Turner bent over the desk and read aloud. “‘Bride wanted.’ Another one—‘Wife wanted to cook, do laundry and care for children.’”

“What kind of self-respecting woman would answer an ad like that?” Hallie asked, frowning her distaste.

“A woman who wants a husband,” Turner replied, directing a pointed glance at his sister. “Unlike you.”

She ignored the familiar taunt. “It’s barbaric.”

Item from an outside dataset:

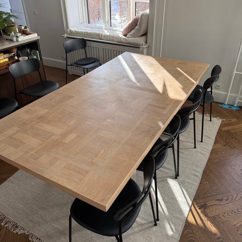 Bordet på billederne er: 40mm massivt Italiensk egetræ med naturkanter. Kvaliteten er meget høj.

“But newsworthy,” her father added. He caught his cigar between two fingers and squinted at her through curls of blue-gray smoke. “Some of the young ladies at Miss Abernathy’s Conservatory answered the last ads. Why don’t you do a story on them, Hallie?”

“Really?” she asked, jumping up.

“I haven’t seen anything in the other papers,” he continued. “Maybe, for a change, we can print a story before they get the idea.”

The assignment filled Hallie with a new sense of importance. The Daily was always trying to get the jump on the bigger papers, and even though the other newspapers always managed to edge them out, the Wainwrights had increased circulation over the past year. Any newsworthy story that first appeared in The Daily was a feather in their journalistic cap.

“I’ll work on it right away.” She kissed her father on the cheek and smugly tilted her chin on her way past Turner.

Samuel and Turner exchanged conspiratory grins. “How long do you think that will keep her out of our hair?” Turner asked.

Samuel ran a hand over his balding pate. “Let’s hope until Evan has a foot in the door. It’s hard enough being a cub, without having to deal with Hallie when she’s got her hackles up.”